The Wianno Senior is a  gaff rigged sloop. The boat is raced on Nantucket Sound by four Cape Cod yacht clubs: Bass River Yacht Club, Hyannis Yacht Club, Hyannis Port Yacht Club, and Wianno Yacht Club.

Design 
The boat was designed in 1913−14 in the village of Osterville, Cape Cod, Massachusetts, for a group of sailors from the Wianno Yacht Club. They requested Horace Manley Crosby to design a sailboat for racing on Nantucket Sound. Manley Crosby was a member of the Crosby family, noted for building the famous Crosby catboats. Fourteen boats were delivered and raced that summer. Those fourteen boats were No. 1 Dione, No. 2 Wendy, No. 3 Telemark, No. 4 A.P.H., No. 5 Commy, No. 6 Snookums, No. 7 Bob White, No. 8 Sea Dog, No. 9 Marie, No. 10 Qui Vive, No. 11 Fantasy, No. 12 Whistle Wing, No. 13 Maxixe, and No. 14 Ethyl. All but two of these original boats have been lost. No. 7 now known as Tirza is in Osterville MA and No. 11 Fantasy is in the collections of Mystic Seaport Museum in Mystic, CT. All the other original boats have been lost due to deterioration, fires, or hurricanes. See the book, The Senior, privately published in 1989 for the boat's 75th anniversary, for more information of the history of the class. That history was adapted from the article "Warriors of Wianno". The book also contains several articles and photos by Wianno Senior owners and sailors.
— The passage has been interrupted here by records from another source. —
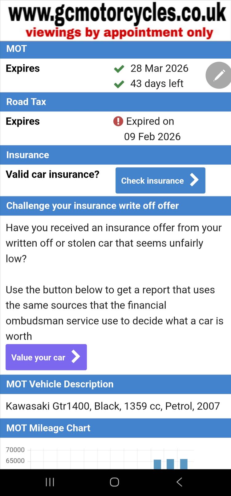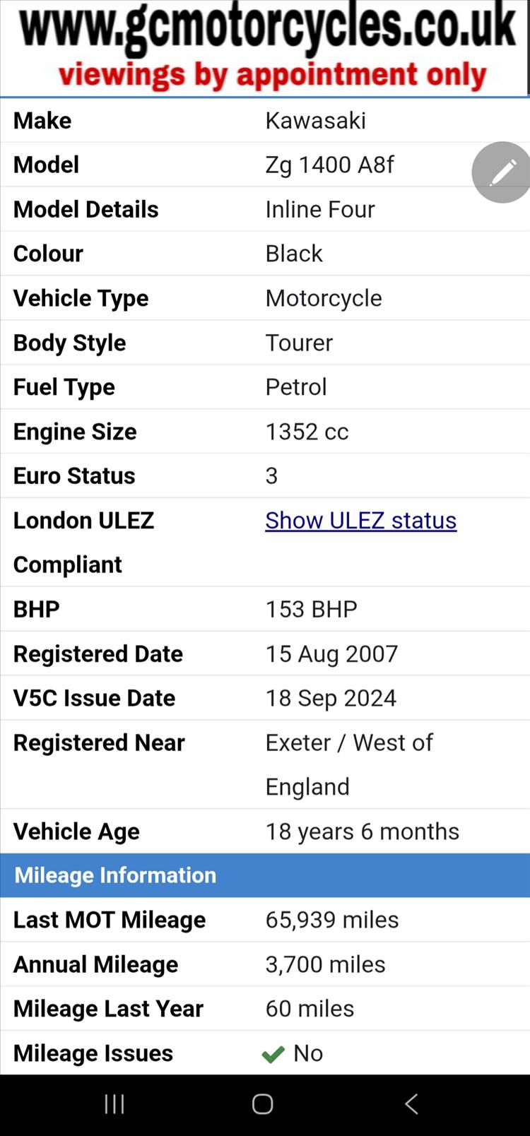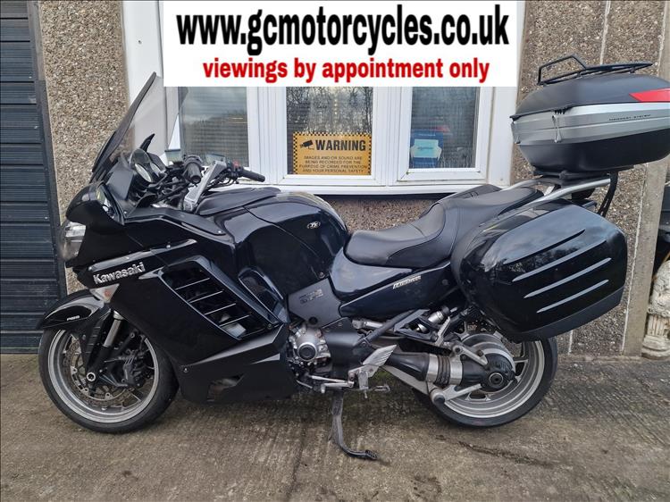 GENUINE UK HPI CLEAR KAWASAKI GTR1400 ZG1400A8F REGISTERED 15/08/07 , COMES WITH SPARE TRANSPONDER, OWNERS MANUAL, SERVICE BOOK AND HISTORY etc . 66,047 MILES SUPPORTED BY GOV.UK CHECKSITE, 6 PREVIOUS OWNERS , FINISHED IN FACTORY BLACK METALIC PAINTWORK WITH TRIPLE LUGGAGE SYSTEM , REMUS CARBON FIBRE PERFORMANCE EXHAUST- MAKES A LOVELY TONE , RECENT SERVICE AND NEW SET OF TYRES . STARTS , RUNS AND RUDES SUPERB - A LOVELY ATTRACTIVE TOURING BIKE WITH NO ACCIDENT DAMAGE OF ANY SIGNIFICANCE, PRICED SENSIBLY FOR A QUICK EASY SALE , STRICTLY NO OFFERS OR MESSERS , FIRST TO SEE WILL DEFINITELY BUY , BARGAIN
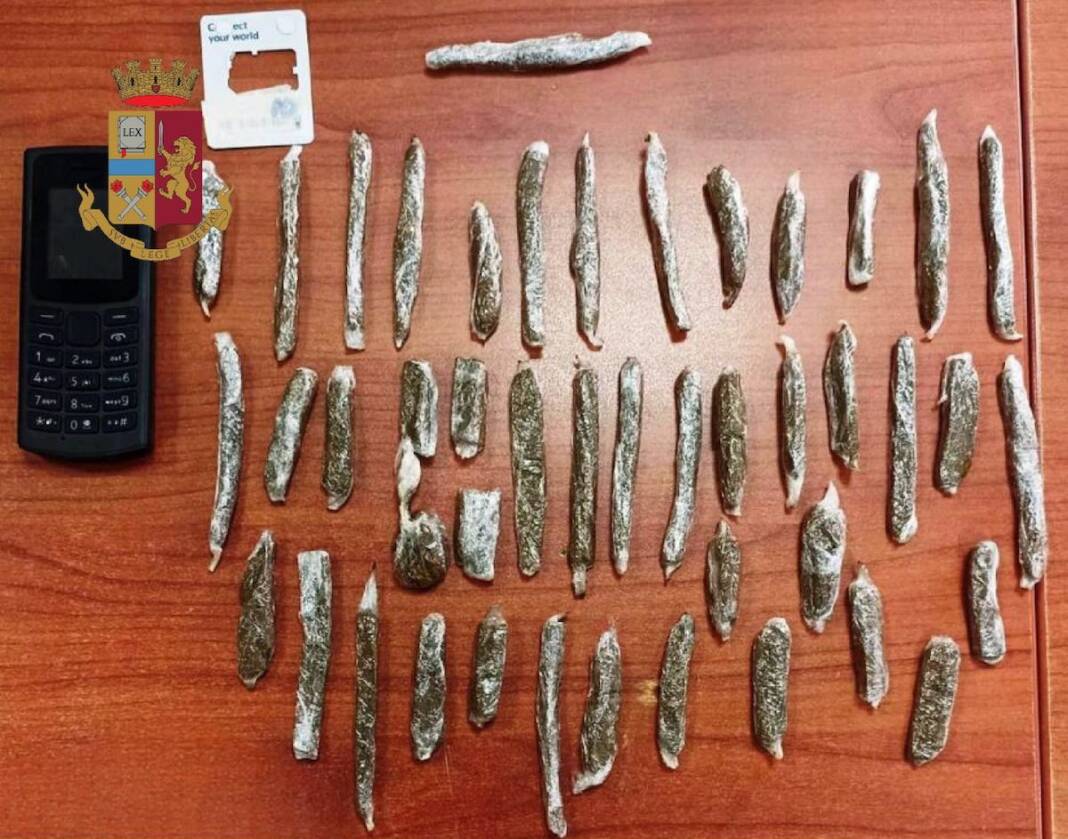 I poliziotti, giunti sul posto, hanno visto l’auto segnalata ed il conducente, alla loro vista, è sceso dal veicolo nel tentativo di eludere il controllo ma è stato bloccato; inoltre, hanno rinvenuto nella vettura 45 stecche di hashish del peso di circa 100 grammi ed un telefono cellulare.
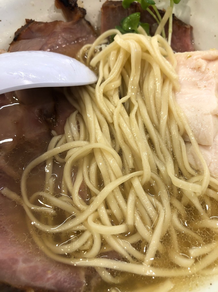 煮干と鶏のあっさりスープに細めの平麺。
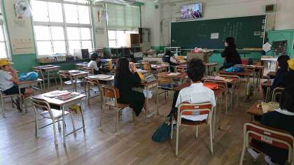 教室では写真を見るなどしながら、友だちや先生と過ごした数々の楽しかった思い出を振り返り、別れを惜しんでいました。
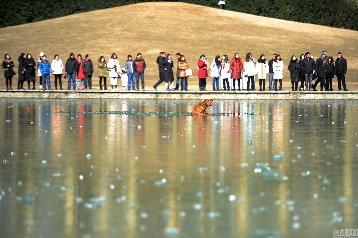 2016年1月25日中午12時30分許,安徽合肥市民項(xiàng)先生正好在賴少其藝術(shù)館附近辦事,突然他發(fā)現(xiàn)一只大金毛被卡在藝術(shù)館門口的冰面中,一直在掙扎。

At about the same time, Wooden Boat magazine published two articles on the Wianno Senior as part of the boat's 75th anniversary. The first, "The Wianno Senior", describes the boat's history and construction and includes several photos. Page 66 shows a photo of, perhaps, the most famous Wianno Senior sailor, President Jack Kennedy. His boat, Victura, hull no. 94, is now on display at the John F. Kennedy Library in the Dorchester neighborhood of Boston, Massachusetts.
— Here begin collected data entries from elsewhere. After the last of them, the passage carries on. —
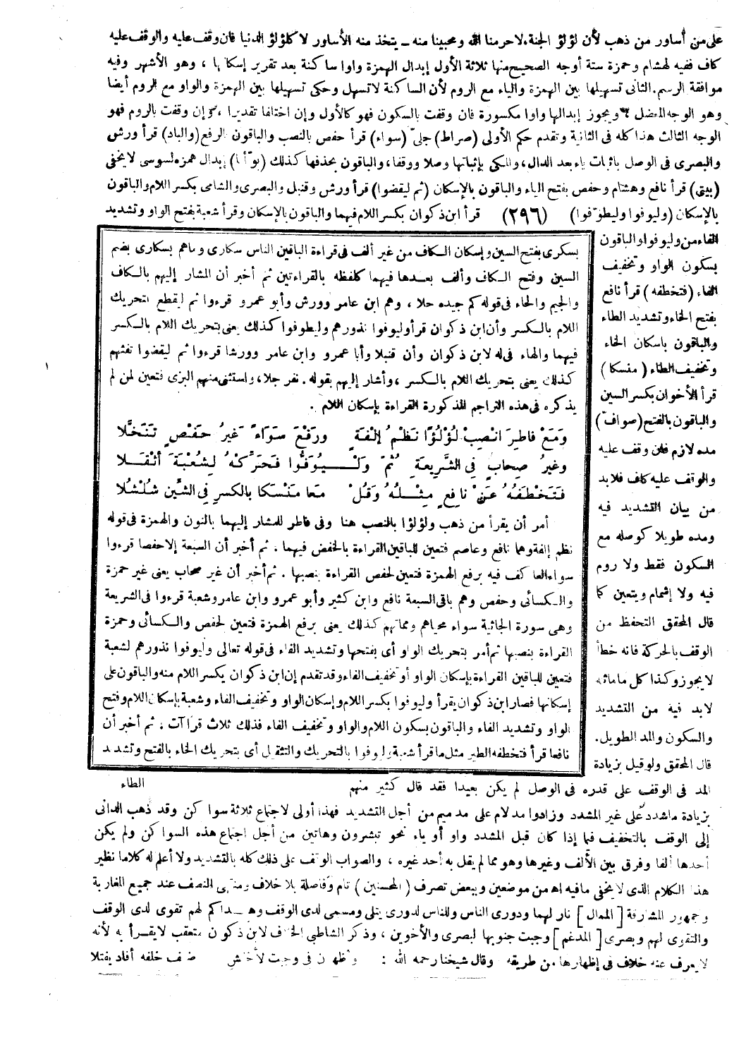 أمر أن يقرأ من ذهب ولؤلؤا بالنصب هنا وفي فاطر للمشار إليهما بالنون والهمزة في قوله: نظم إلفة وهما نافع وعاصم فتعين للباقين القراءة بالخفض فيهما. ثم أخبر أن السبعة إلا حفصا قرءوا سَواءً الْعاكِفُ فِيهِ [الحج: 25] برفع الهمزة فتعين لحفص القراءة بنصبها. ثم أخبر أن غير صحاب يعني غير حمزة والكسائي وحفص وهم باقي السبعة نافع وابن كثير وأبو عمرو وابن عامر وشعبة قرءوا في الشريعة وهي سورة الجاثية سَواءً مَحْياهُمْ وَمَماتُهُمْ [الجاثية: 21] كذلك يعني برفع الهمزة فتعين لحفص والكسائي وحمزة القراءة بنصبها ثم أمر بتحريك الواو أي بفتحها وتشديد الفاء في قوله تعالى: وَلْيُوفُوا نُذُورَهُمْ لشعبة فتعين للباقين القراءة بإسكان الواو أو تخفيف الفاء، وقد تقدم أن ابن ذكوان بكسر اللام منه والباقون على إسكانها فصار ابن ذكوان يقرأ وَلْيُوفُوا بكسر اللام وإسكان الواو وتخفيف الفاء وشعبة بإسكان اللام وفتح الواو وتشديد الفاء والباقون بسكون اللام والواو وتخفيف الفاء فذلك ثلاث قراءات. ثم أخبر أن نافعا قرأ فَتَخْطَفُهُ الطَّيْرُ [الحج: 31] مثل ما قرأ شعبة وَلْيُوفُوا بالتحريك والتثقيل أي بتحريك الخاء بالفتح وتشديد
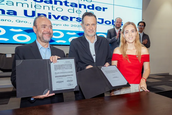 Este año también se llevó a cabo la firma del convenio y el lanzamiento de la plataforma Universia Jobs, resultado de la colaboración entre Santander México y SEJUVE, cuyo objetivo es fortalecer la conexión entre jóvenes y empleadores a través de un entorno digital accesible y eficiente.
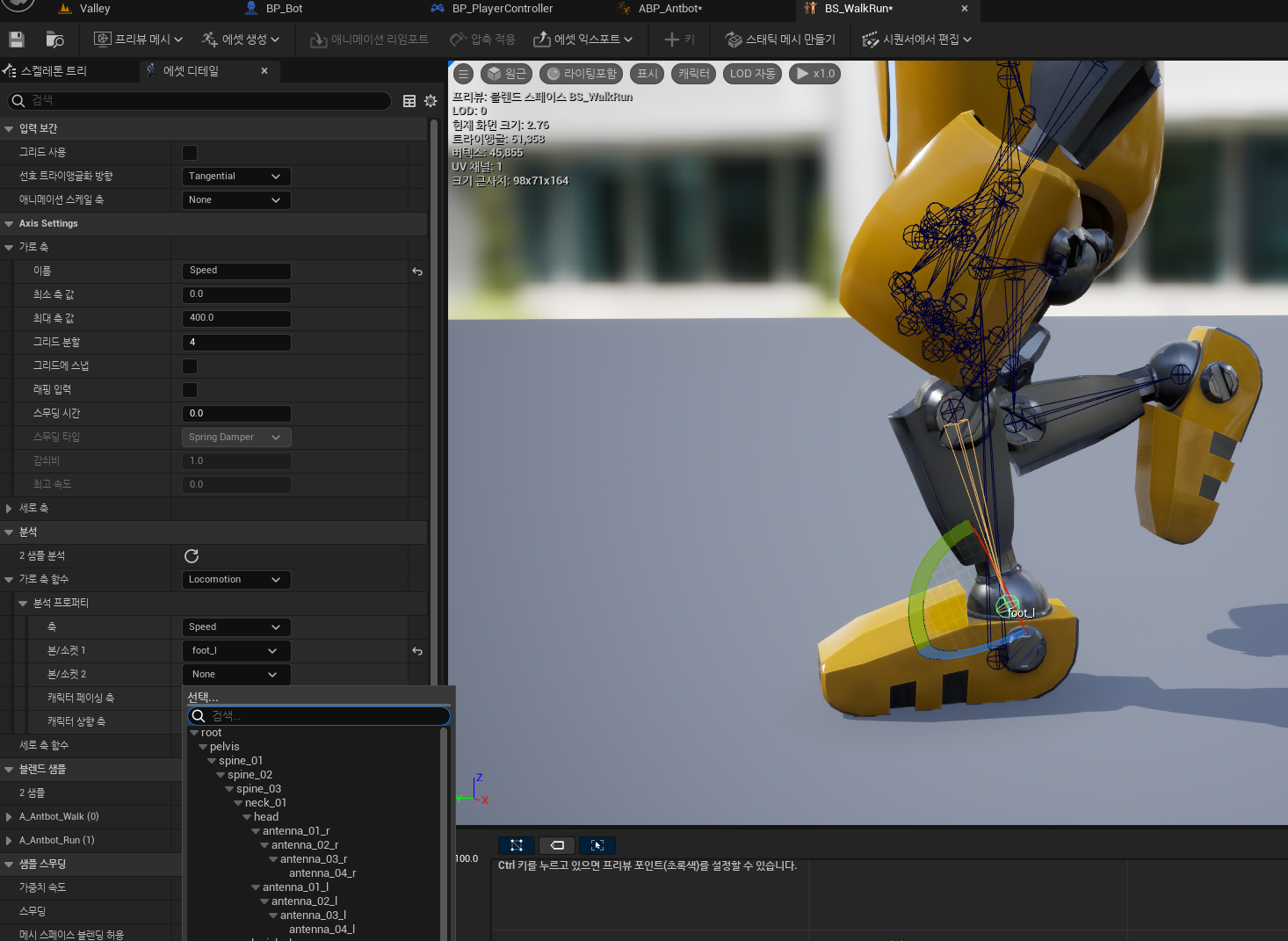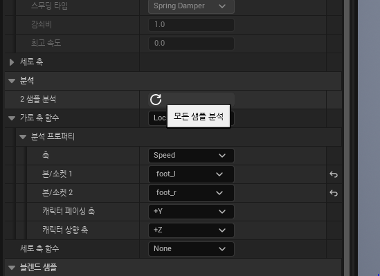 다음은 발이 미끄러지는 것처럼 보이지 않게 분석할 수 있도록 설정할 수 있는데, 좌측 에셋 디테일에서 [분석/가로 축 함수] 타입을 Locomotion 으로 설정. 발의 본을 설정해준다. foot_l, foot_r 이면 됨.
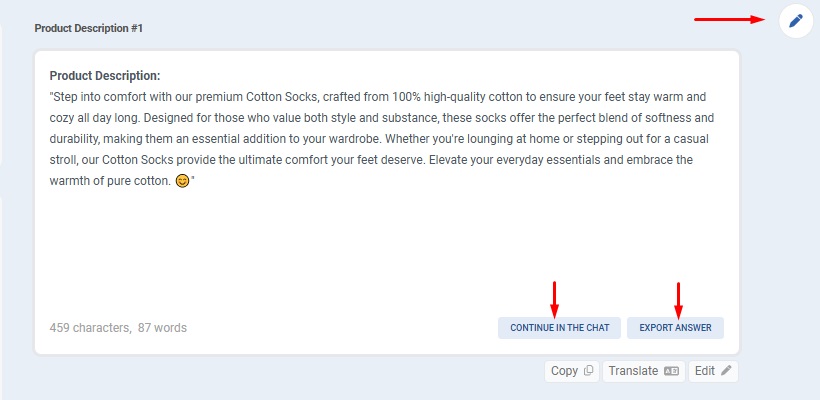 • Continue modifying the answer in an AI chat.
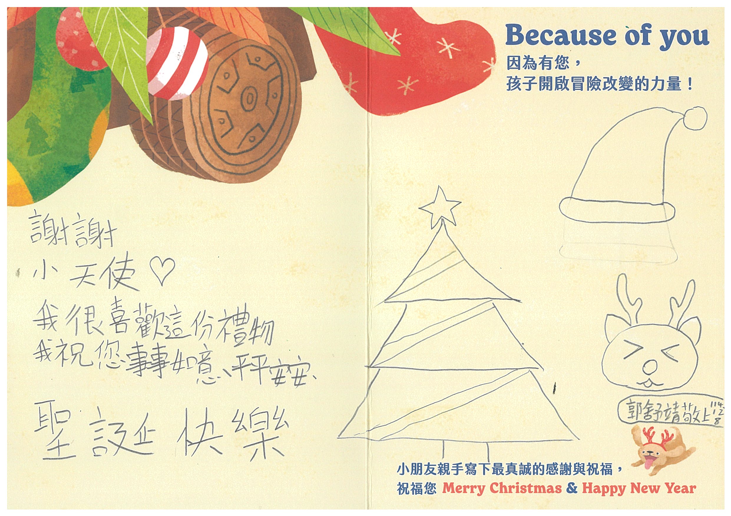 每份聖誕禮物內容:小朋友許下的心願禮物+親手寫下的鼓勵祝福卡片1張

The second article in that issue of Wooden Boat is by Jack Fallon. That article provides a short tutorial, Tuning Up with Jack Fallon, on how to sail a Wianno Senior. Jack won the Scudder Cup, the annual class championship, a record nine times between 1949, when the Cup was established, and 1976.

Production 
More recently, Pearl River Productions has published a DVD providing a video history of the Wianno Senior class. That DVD provides updates to the class history beyond the 75th anniversary and discusses the recovery of the class from the devastating boat yard fire on December 10, 2003, in which 21 Seniors were destroyed, 18 of them the classic wooden Seniors.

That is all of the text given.